One caveat: If you actually build or even Spice this circuit you find the stopband will not follow the monotonic rolloff shown at higher frequencies in the graph. This is because the idealized response calculated, assumes ideal opamps with zero output impedance. At some higher frequency the complex opamp output impedance rises to levels where the overall transfer function allows HF signals to pass through the filter with little attenuation. Worse still opamp nonlinearities,slew rate assymetry etc, may even rectify those signals leading to DC offsets in the filtered DC output that you want to measure. For your particular PWM application this may or may not be an issue depending on opamps chosen,the frequencies used and precision required.

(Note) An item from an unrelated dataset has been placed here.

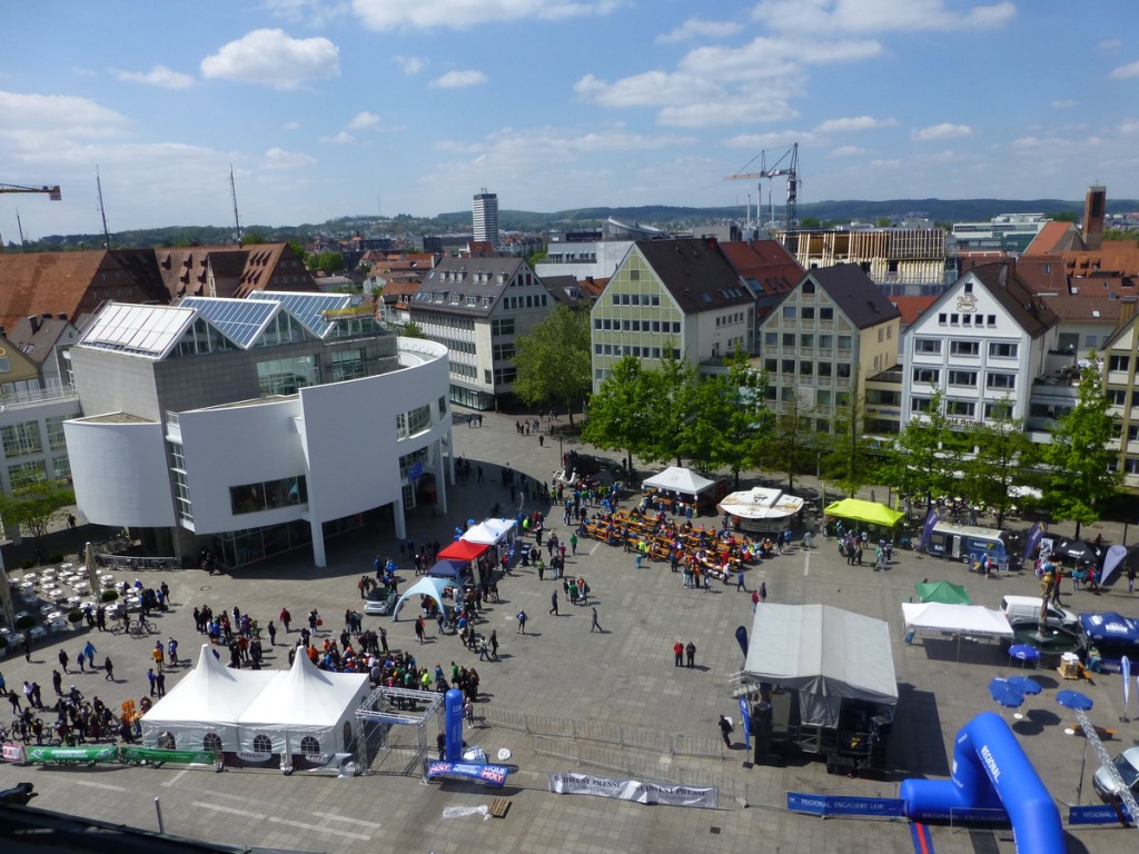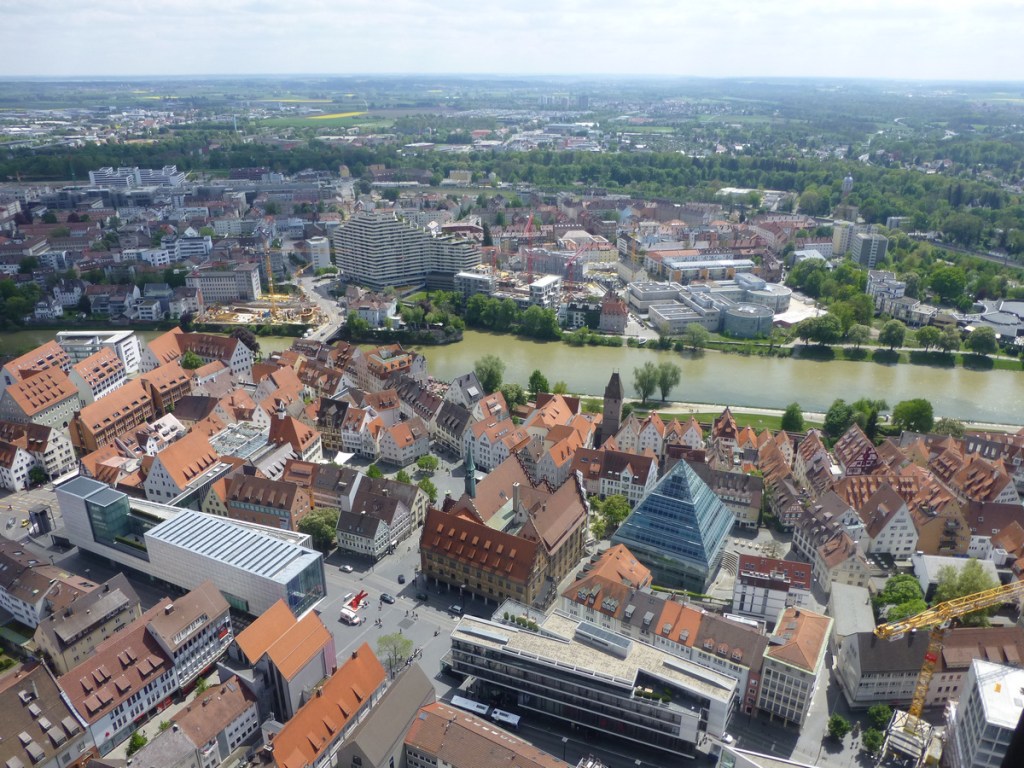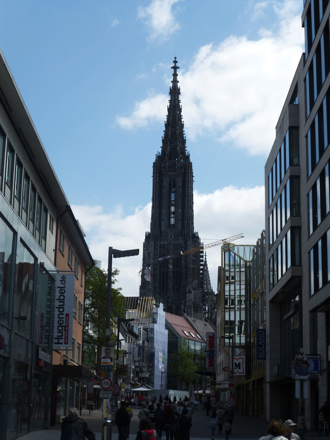 Our sunny walk around the city began around noon on May 4, heading from the station to the famous cathedral known for having the tallest church tower in the world. We walked along the pedestrian street Bahnhofstraße lined with shops. Before our arrival we have read that the town Ulm is mentioned as early as the 9th century as an important trading place. Its shops have apparently been preserved to this day, as apart from having rich traditions and history, they had also grown in number. Unfortunately, on this sunny Sunday they were all closed, so we headed to the busiest place on Sunday – the Cathedral Square. Münsterplatz was full with people preparing for an upcoming marathon. Instead of racing, we decided to calmly enjoy its beautiful architecture, which was a successful combination of history and modernism. And speaking of history, we couldn’t fail to mention the big inflatable mammoth that stood at the very entrance of the square and it looked like it was an advertisement, but we didn’t understand what it was for. Photographs with him, however, enhanced the impact of the grandeur of the city and the dominating beautiful cathedral.

My blanket solution is to always**Avoid all second order Sallen and Key filters** and use 3rd order versions. These only add a single R + C (passive LPfilter) in front of the above second order filter. That greatly improves the HF roll off and keeps any large HF signals from opamp inputs which usually avoids the opamp-non-linear issues creating DC offsets.
Obscure fact : "slew induced offsets" in opamps can occur well below levels where slew rate limiting is actually occuring. This is internal opamp topology related and hard to predict from opamp data sheets, except that high GBWP opamps are generally better.

• mathscinotes says:

Excellent comment. I have to smile at your comments about slew rate and output impedance. My graduate adviser (Aram Budak) always told me to be wary of these two opamp characteristics. The rectification issue, in particular, is one that has thrown me for a loop a couple of times. I should also mention that many designers (e.g., Jim Williams) would not use this circuit because they have a rule that they "always invert" in order to avoid CMRR issues.

mark

2. Tim Hughes says:

>>I should also mention that many designers (e.g., Jim Williams) would not use this circuit because they have a rule that they "always invert" in order to avoid CMRR issues.<<
I agree in general that inverting amplifiers are better in many applications but there are some other trade-offs as well. This circuit at least for the unity gain versions may have lower noise gain and lower drift than some topologies. The third order version is also better for reduced common mode errors due to common mode slew rate. Inverting filters often have more matched parts in filter so that maybe why Sallen and Key filters are popular. A general criticism of Sallen and key filters is the component sensitivity can be worse than some other filter topologies and somewhat counter intuitively, as far as I remember, the GBP sensitivity is worse for these.
An obscure argument is sometimes made that you should always choose odd order filters but I can't remember the rationale.